Warren Kindzierski1,2

1Department of Public Health Sciences, School of Public Health, Edmonton, Canada; 2Department of Civil & Environmental Engineering, University of Alberta, Edmonton, Canada.

Email: warrenk@ualberta.ca

Received June 4th, 2012; revised July 3rd, 2012; accepted August 1st, 2012

Keywords: VOCs; Air Quality; Indoor Air; Alberta

ABSTRACT

The impact of the built environment on public health is complex, involving several determinants of health including indoor air quality. People who spend the most time indoors can be exposed to indoor air pollutants for long periods of time. These are often the same people who are most susceptible to adverse effects if exposures are high enough (young children, elderly, and chronically ill, especially those suffering from respiratory diseases). An analysis of data on selected indoor volatile organic compounds (VOCs) from community studies in Alberta, Canada was undertaken. Measures of typical (central tendency) and high end (upper limit) indoor concentrations were estimated from seven studies in Alberta. Best estimates of central tendency indoor concentrations for 12 VOCs—benzene, ethylbenzene, o-xylene, 3-methylhexane, heptane, octane, nonane, decane, 1,1,1-trichloroethane, carbon tetrachloride, tetrachloroethylene, and 1,2,4-trimethylbenzene—were less than 5 µg/m3. Best estimates of central tendency indoor concentrations for three VOCs—toluene, m/p-xylene, and limonene—were greater than 5 µg/m3. In the case of best estimates of upper limit indoor concentrations—benzene, ethylbenzene, o-xylene, hexane, 3-methylhexane, heptane, octane, nonane, carbon tetrachloride, and tetrachloroethylene had upper limit concentrations less than 15 µg/m3. Best estimates of upper limit indoor concentrations for toluene, m/p xylene, decane, limonene, 1,1,1-trichloroethane, and 1,2,4-trimethylbenzene were greater than 15 µg/m3. Upper limit concentrations observed inside Alberta residences were about 4 to 10 times higher than typical concentrations for most of the VOCs observed. Upper limit indoor concentrations for carbon tetrachloride and benzene in Alberta are similar to or greater than levels judged by US EPA to imply a concern for potential cancer effects. This indicates that some homes in Alberta can have levels of carbon tetrachloride and benzene that may be of concern from a public health point-of-view.

1. Introduction

Alberta is a province in western Canada and is of economic importance to Canada (Figure 1). The energy industry is a primary driver of the economy in the province and it is supported—to a lesser extent—by forestry, mining, and agriculture. The energy portfolio includes natural gas and shale gas, conventional oil, oil sands, shale oil, and coal—all of which are mined and/or extracted in the province. The Alberta population has expanded rapidly over the past 30 years—from a population of about 2.2 million in 1980 to a current population of over 3.7 million [1]. In terms of climate, Alberta has dry continental weather with warm summers and cold winters. The province is open to cold (arctic) weather systems from the north, which can produce extremely cold conditions during the winter [2]. Because Alberta extends for over 1200 kilometres from north to south, its climate varies considerably. Average temperatures in January range from greater than −10˚C in the south to less than −24˚C in the north, and in July from greater than 18˚C in the south to less than 13˚C in the north.

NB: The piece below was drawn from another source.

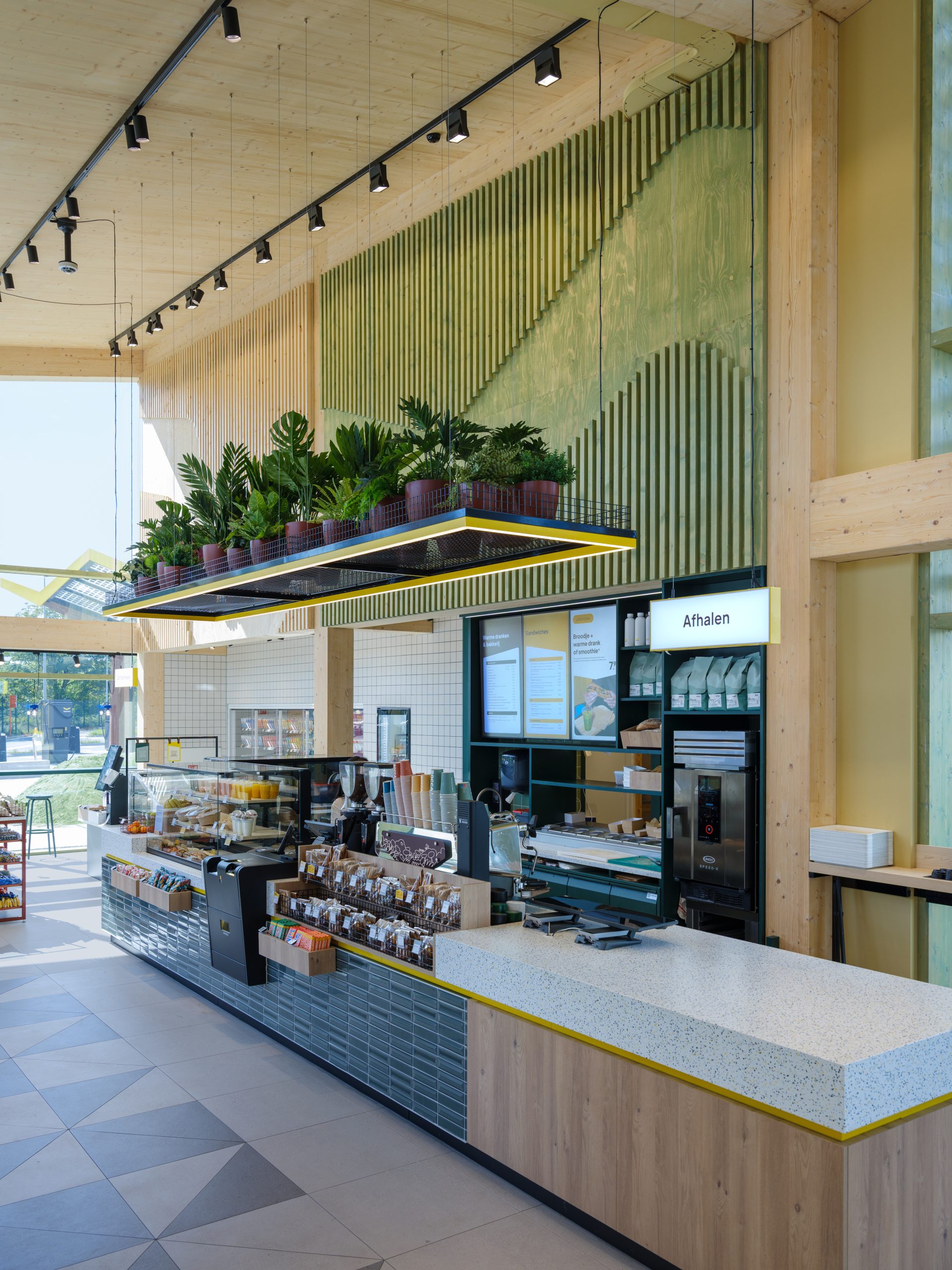 Die Ladestation sollte nicht nur praktisch sein, sondern Besucher einladen, das Auto kurz stehen zu lassen. Mit gesunden Sandwiches und Salaten, frischem Kaffee und Smoothies. Mit einem Lounge-Bereich und ausreichend Arbeitsplätzen.
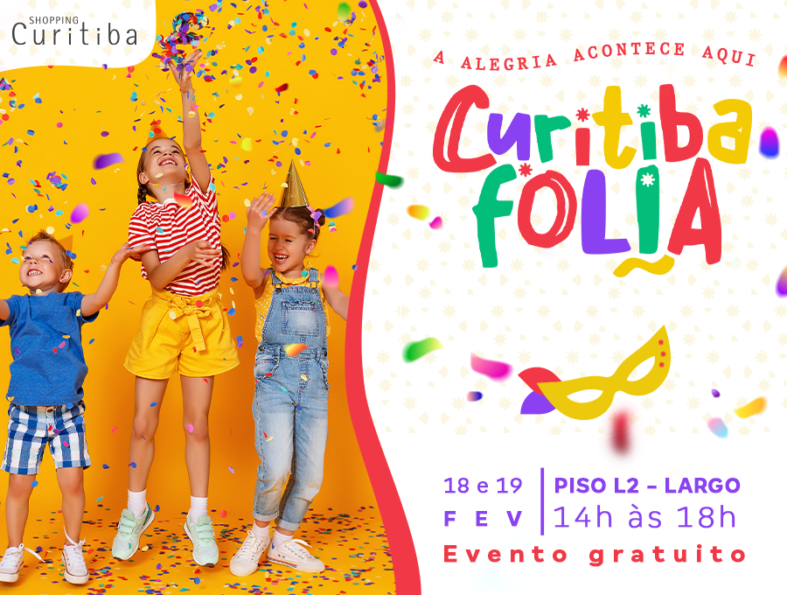 Os pequenos foliões já podem anotar na agenda, pois o Shopping Curitiba acaba de anunciar o Curitiba Folia. A programação será nos dias 18/2 (sábado) e 19/2 (domingo), totalmente gratuita, das 14h às 18h, no piso L2 (Largo Curitiba).

Large-scale time-activity studies in which people recall their locations and activities through diaries show that people spend a lot of time indoors—either at home or at the office—with very little time spent outdoors [3]. General trends of Canadian time-activity behavior include [4]: most time, on average, is spent indoors for Canadians (between 88% to 90% of time); a small amount of time, on average, is spent in an operating motor vehicle (<6% for persons aged 12 or older and <3.2% for persons aged 11 or younger); and a similar small proportion of time, on average, is also spent outdoors (<6% for persons aged 12 or older and <7.5% for persons aged 11 or younger).

The impact of the built environment on our health is

Figure 1. Map of provinces of Canada showing Alberta.

complex, involving several determinants of health—air quality, water quality, diet, physical activity, etc. Indoor air quality is an important environmental health issue and its potential consequences are much less investigated compared to ambient air quality [5,6]. With respect to indoor air quality, changes in emission profiles for indoor pollutants and personal habits of building occupants— including changes in the number of occupants who smoke indoors—have occurred over the past several decades [7]. These changes have altered the kind and concentrations of chemicals that occupants are exposed to in their homes today compared to several decades ago.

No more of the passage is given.